Bayesian Network Webserver

BNW Help: Table of Contents

Introduction
Structure learning overview
Structure learning settings and the structural constraint interface
Parameter learning and using models to make predictions
Details of structure learning methods
Formatting files for BNW
Downloadable structure learning package
Recent updates to BNW

1. Introduction to BNW

Use of the Bayesian network webserver (BNW) can be broken up into two main parts: learning the structure of a network model and using the model to make predictions about the interactions between the variables in the model. Both of these steps are more fully described later in this help file. However, users may also want to start using BNW by following this tutorial for network modeling of a dataset containing 8 variables which is available here.

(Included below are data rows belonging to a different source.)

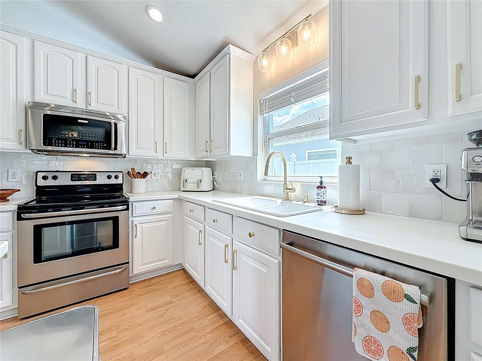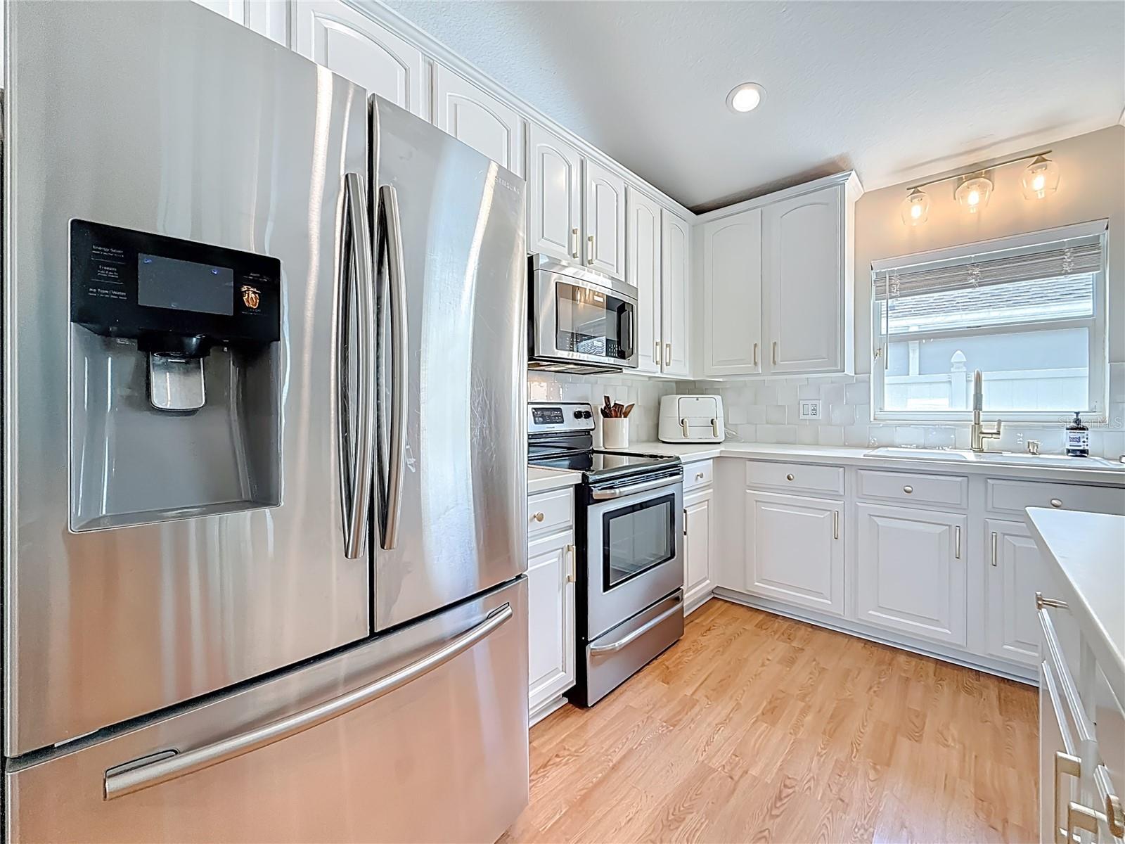 Welcome to Bay Arbor, one of Oldsmar’s most desirable gated communities! This move-in ready 3BR/2BA home offers a bright, open layout with wood laminate throughout the living spaces, and an updated kitchen featuring new wood cabinetry, stainless appliances, and a built-in desk area — perfect for everyday living. The spacious family room and eat-in kitchen combo opens to a large screened lanai, currently used as a playroom, overlooking the large, fully fenced backyard. Major updates include a new roof (2020) and new HVAC (2023) for peace of mind. Enjoy community amenities including a pool, volleyball court, and clubhouse right around the corner (walkable!). Ideally located close to Tampa, Safety Harbor, and Clearwater, this is Oldsmar living at its best — gated, updated, and ready to move in!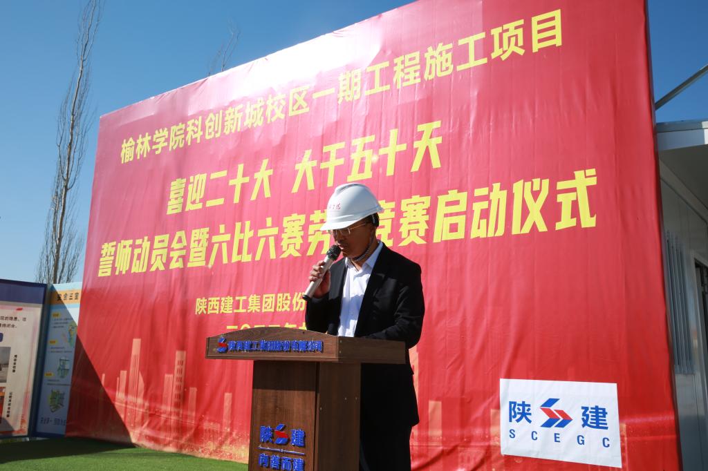 bat365基建处处长李锦红致辞,表示bat365正版唯一官网新校区一期工程项目到了决战2022年的最后时刻,他希望施工方、监理方精心策划、倒排工期、团结协作,确保11月15日前完工年度计划。希望陕西建工继续发扬敬业守信、勇担责任、建造精品、追求卓越精神;发扬起步就是冲刺,开局就是决战的精神;以“出手必须出彩,完成必须完美”的劲头,保质保量完成2022年建设任务。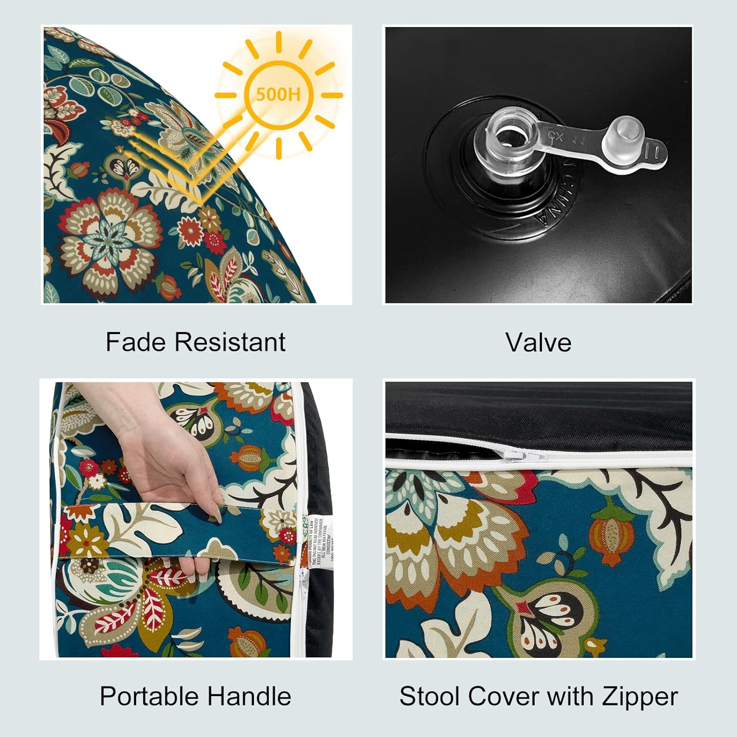 - Quality Support: 250 micrometer PVC liner ensures lasting durability against tears and punctures; outdoor ottoman is light weighted enough to carry, but can also bear up to 250 pounds (113kg). It brings you comfort even if an adult sit on it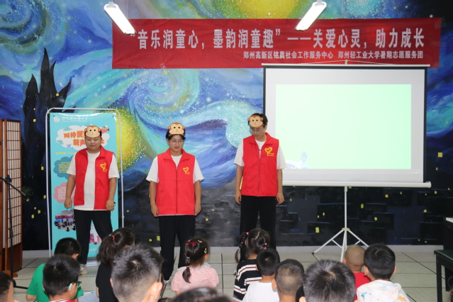为关爱青少年身心健康,培养青少年积极向上的价值观和行为习惯,7月1日,18新利直播 建筑环境工程学院鼓乐筑心志愿服务队联合郑州市沟赵办事处嘉木苑社区和郑州高新区铭晨社会工作服务中心开展了第五期音乐心理团辅暑期实践志愿活动——音乐润童心,墨韵润童趣。活动涵盖才艺展示、书法、绘画以及志愿服务队精心编排的儿童音乐剧、亲子互动游戏等,旨在让小朋友们在美育之中感受音乐的魅力,培养小朋友对传统文化的兴趣与热爱。

2. Overview of structure learning in BNW

The first step in Bayesian network modeling of a dataset is identifying the network structure. In BNW, users can either upload a known network structure or learn the network structure that best explains the data. Structure learning from a dataset identifies which directed edges between network variables (nodes) should be included in the network to represent the conditional dependencies observed in the data. The structure learning method implemented in BNW can be used to learn the network structures of discrete, continuous, and hybrid (i.e., datasets containing both hybrid and continuous variables) datasets. After uploading a text file containing a dataset, users can either immediately perform structure learning using default settings or add or modify structural constraints that can improve the performance of structure learning. By default, BNW limits the maximum number of parents for each node in the network to 4 and presents only the highest scoring network structure (i.e., no model averaging is performed). The structure learning method is more fully described later in this help file.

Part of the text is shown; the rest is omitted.